Baur's translation, together with a number of others, raises a politico-cultural issue that is worth discussing in the context of perspective change. The Puster Valley straddles two countries, Italy and Austria. The Italian part, where Baur was born, is in South Tyrol, Italy's northernmost province. Beredter Norden also includes translations into (other) Austrian dialects, e.g. Viennese, as well as German ones. Thus, heteroglossia in the target texts is associated with the territories of three sovereign states. While the history of this area has been very different from that of Britain, Austria (if such a generalisation is permissible) shares with Scotland the occasional feeling of being in bed with a more or less massive and sometimes malevolent elephant. South Tyrol, which is predominantly German-speaking, was part of Austria-Hungary until World War I and was then annexed by Italy, where German is a minority language. Will some South Tyrolean readers of Beredter Norden feel a special affinity not only with Baur's translations but perhaps also with those by Austrian translators? Will some Austrian readers take an insider's perspective on translations into Austrian dialects, and an outsider's on German ones? Will some German readers from dialect-speaking areas, particularly in the south, have language loyalties different from those of readers who only speak the standard variety of German (for instance, loyalties more strongly linked to dialect boundaries)? At present I have no answers to these questions that go beyond the intuitive and the anecdotal. What seems clear, however, is that linguistic, historical, and political configurations in the German-speaking area will provide a target-cultural perspective on the translations' heteroglossia that will interact with readers' prior knowledge, as well as the editor's introductory explanation, of the source-cultural situation. To say so is not to disparage the translators' choices, but to draw attention to a productive characteristic of the workings of translation.
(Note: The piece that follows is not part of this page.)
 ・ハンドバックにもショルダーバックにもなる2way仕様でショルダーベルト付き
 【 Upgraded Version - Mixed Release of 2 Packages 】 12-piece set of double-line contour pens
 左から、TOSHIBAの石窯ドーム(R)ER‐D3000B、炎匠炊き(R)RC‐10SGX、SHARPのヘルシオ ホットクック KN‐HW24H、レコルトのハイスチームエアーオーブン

I have so far discussed heteroglossia in the sense of distinct varieties of a language, or language group. However, Beredter Norden includes source texts not only in English and Scots but also in Gaelic. I shall first set out the existing debate about translation from Gaelic, and then proceed to explore issues of perspectivity.
No English translations are given for the Gaelic poems in Beredter Norden, which suggests that the translators' source texts are the Gaelic originals. But while this is true in the case of Corinna Krause's numerous translations from Gaelic, Peter Waterhouse, for example, who appears in the anthology as a translator of Sorley MacLean, works from English, not from Gaelic. (13) Whether or not the omission of MacLean's own English versions matters depends on what we expect translation to achieve. For instance, if the editor's goal is to counteract the predominance of English, excluding it as a relay language may be more appropriate than including it. In his paper on plans for a translation anthology, Galbraith briefly mentions an earlier, smaller translation project involving Gaelic poetry, and speaks of 'the chutzpah and secret sense of satisfaction with which I felt permitted or empowered as mediator to pass over in silence what was in fact conspicuous by its absence' (p. 160). Similarly, Krause suggests that excluding English may 'work against the continuous "minoritising" forces facing Gaelic'. (14)
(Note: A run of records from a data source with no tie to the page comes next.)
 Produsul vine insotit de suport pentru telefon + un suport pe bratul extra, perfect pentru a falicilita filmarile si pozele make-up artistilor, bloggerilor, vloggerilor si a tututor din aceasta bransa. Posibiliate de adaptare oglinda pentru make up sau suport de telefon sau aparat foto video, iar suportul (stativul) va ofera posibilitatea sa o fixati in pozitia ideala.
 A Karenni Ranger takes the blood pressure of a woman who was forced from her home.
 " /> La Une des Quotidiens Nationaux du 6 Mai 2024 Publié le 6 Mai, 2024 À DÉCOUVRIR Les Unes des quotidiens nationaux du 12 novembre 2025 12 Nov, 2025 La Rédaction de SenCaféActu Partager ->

However, if readers are mainly interested in the originals and aim to grasp them through translations, the omission of English may be important for several reasons. Firstly, as Galbraith points out, omitting English might mean 'subtract[ing] an essential component of the life of the Gaelic text in the context of its real cultural constituency', namely the 'permanent state of tension with the English language' (pp. 161-62). This would seem to apply to Krause's as well as Waterhouse's translations. Secondly, as far as Waterhouse in particular is concerned, no translation simply reproduces the original. Any translator, including the author of the original, will read the source text from his or her own perspective and write the target text accordingly, opening up some interpretations and closing off others. Moreover, in his response to Galbraith, Christopher Whyte argues that a poem is inextricably linked to the language in which it is written (pp. 183, 186), which indicates that translating it will change it profoundly irrespective of who produces the translation. The importance of perspective becomes clear here: focussing on individual texts may lead to different choices than focussing on Gaelic language politics.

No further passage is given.